# Exercise description
In this exercise, print only the lines from the line with "Championtiere der Schau" to the last line of the data below, inclusive. Any pictures should be left out.

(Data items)
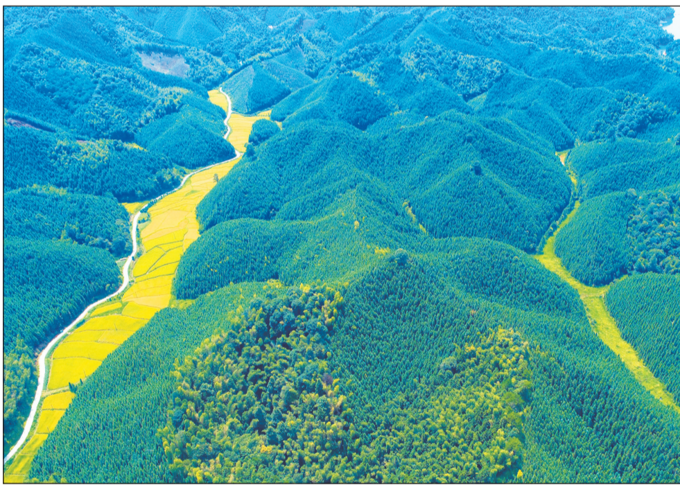
近年来,江西省泰和县大力推进绿化荒山,着力改善县域生态环境。图为桥头镇店前村完成绿化的山峦,一望无际,雄伟壮观。

通过上下联动,省级专项帮扶行动精准,督查有力,徐州市上下思想认识进一步提高,执法能力得到加强提升,企业减污减排自觉性进一步增强,徐州的大气环境质量呈现改善趋势。
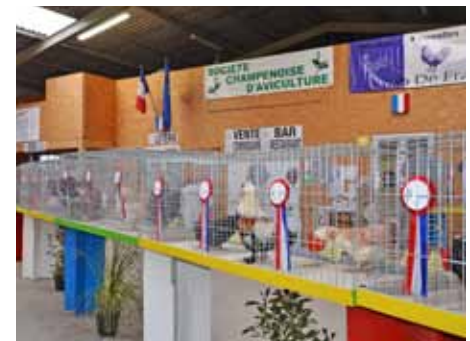
Championtiere der Schau
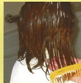
Kam het haar los.
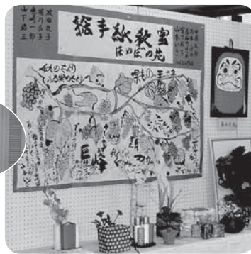
▲ほのぼの苑作品展

# Solution
Championtiere der Schau
Kam het haar los.
▲ほのぼの苑作品展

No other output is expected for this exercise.